Спустившись к подножью склона, я увидел несколько кочек среди занесённых снегом валежин. На них росло то, что я искал. Срезав ножом пучки жёлтой сухой осоки, я вернулся в палатку и, разведя в печурке огонь, взялся за выделку оленьих камусов.

«Интересно, где мои друзья-волки? – думал я. – Наверное, непогода заставила их уйти за хребет. Там меньше снега и ветра. Но Бог с ними. На первых порах они мне здорово помогли. Пусть себе идут своей дорогой».

Выскоблив охотничьим ножом и куском базальтового щебня снятые с оленьих ног шкуры, я отмял их руками и приступил к раскройке импровизированных носков. К трём часам ночи меховые обутки были готовы. И я, подкинув в печурку дрова, со спокойной совестью лёг спать. Проснувшись чуть свет, я разобрал палатку. Сложил в рюкзак всю свою поклажу и, уточнив маршрут, петляя между сваленными бурей деревьями, двинулся вниз по склону. Когда совсем рассвело, я был уже далеко от своего лагеря. С каждым часом облака на небе становились всё тоньше и тоньше. К обеду сквозь них стало просвечивать голубое небо. Когда я подошёл к небольшому ручью и стал искать через него переправу, выглянуло долгожданное солнце.

«Наконец-то, – поприветствовал я его. – Целую вечность тебя не видел! Давай помогай, растопи всё это безобразие, – показал я ему на белое покрывало. – Осень только началась. А тут без тебя зиму организовали!»

Мне показалось, что Солнце обратило внимание на мою реплику и согласно кивнуло.

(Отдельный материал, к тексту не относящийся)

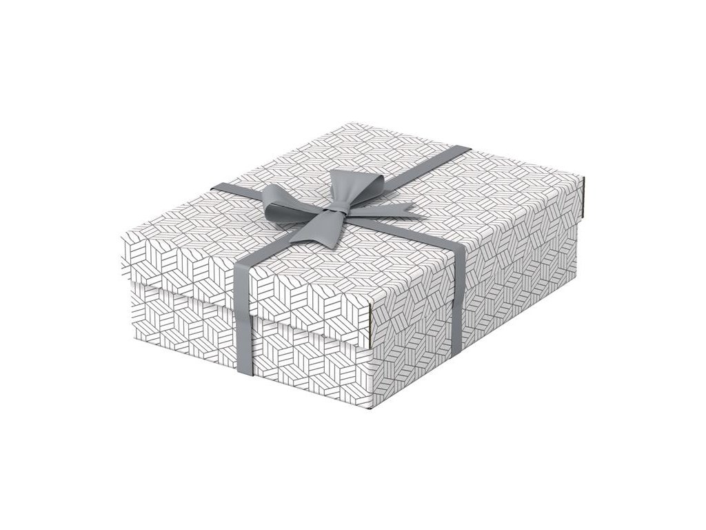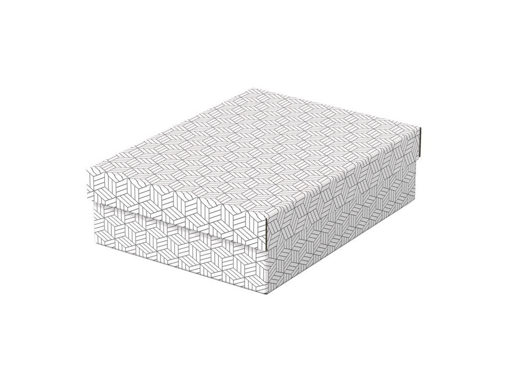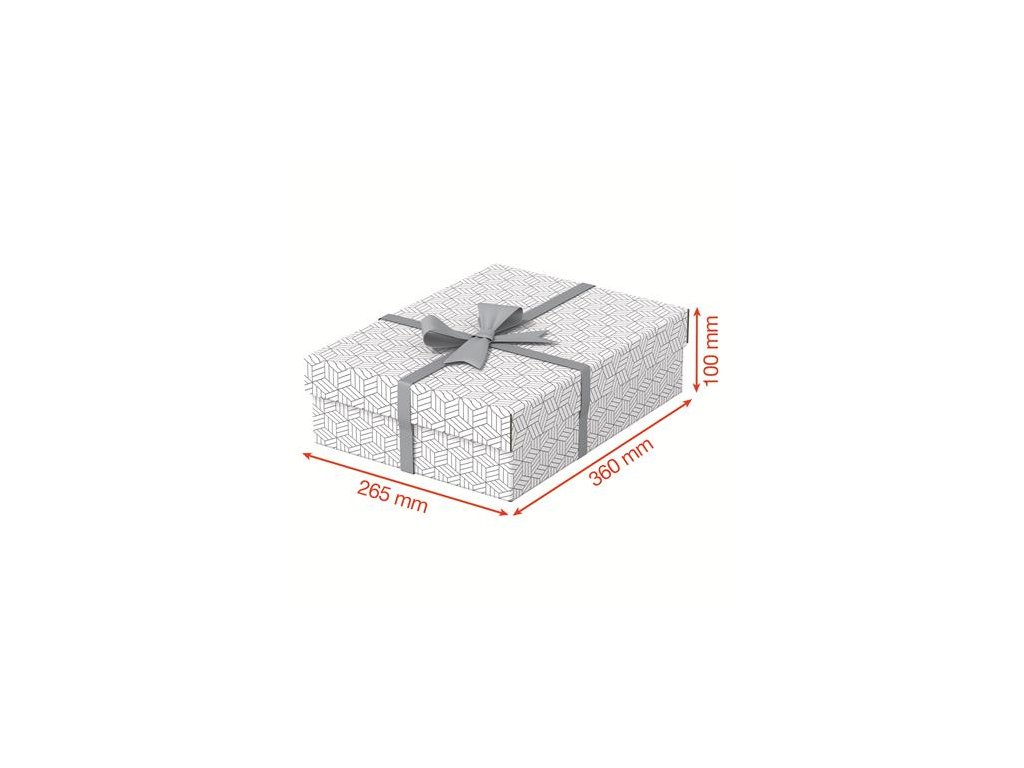 Súprava troch stredných lepenkových úložných boxov s moderným a štýlovým geometrickým dizajnom. Ideálne na darčeky alebo na ukladanie osobných dokumentov, hračiek, kníh a ďalších drobností. Možno používať samostatne alebo uložiť na policu. Použite box na zabalenie darčeka a obdarovaný ho potom môže použiť ako úložný box. Odnímateľné veko skryje obsah a ochráni ho pred prachom. Neutrálne farby a dizajn doplnia akýkoľvek štýl a box je vďaka nim možné použiť ako darček. Dodávajú sa zabalené naplocho a dajú sa rýchlo a ľahko zostaviť. Steny sa pri zostavovaní preložia cez seba, takže sú dvojnásobne pevné. Povrch možno utrieť. Vyrobené z pevnej a odolnej 100% recyklovanej a 100% recyklovateľnej vlnitej lepenky s certifikáciou FSC Obal je 100% recyklovaný a 100% recyklovateľný bez obsahu plastov. Rozmery: 265 mm x 100 mm x 360 mm Značka: ESSELTE Výrobca: Esselte Kft. Adresa: 1139 Budapest, Lomb u. 37-39. A ép. II. 8., Hungary Web: https://www.accobrands.com/brands/ Email: hungarymarketing@acco.comDodatočné parametre
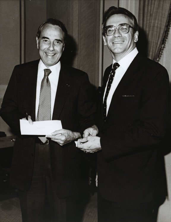 Senator Dole holding envelope with Dave Duvall

«Вот уже и со светилом вошёл в отношения, – отметил я про себя. – Совсем как в русских сказках. А моя дорога? Чем не сказка?! Кого я только на своём пути не встретил. И ещё встречу. Один Чердынцев чего стоит! Сколько осталось до озёр? По прямой километров семьдесят, не больше, но по тайге и горам может перевалить и за сотню».

Перебежав по стволу упавшей лиственницы через водную преграду, я двинулся вдоль вставшего на пути хребта, чтобы обойти заросший ерником распадок. Из-под ног вылетел ошалелый заяц и помчался, петляя, между деревьями прямо в гору.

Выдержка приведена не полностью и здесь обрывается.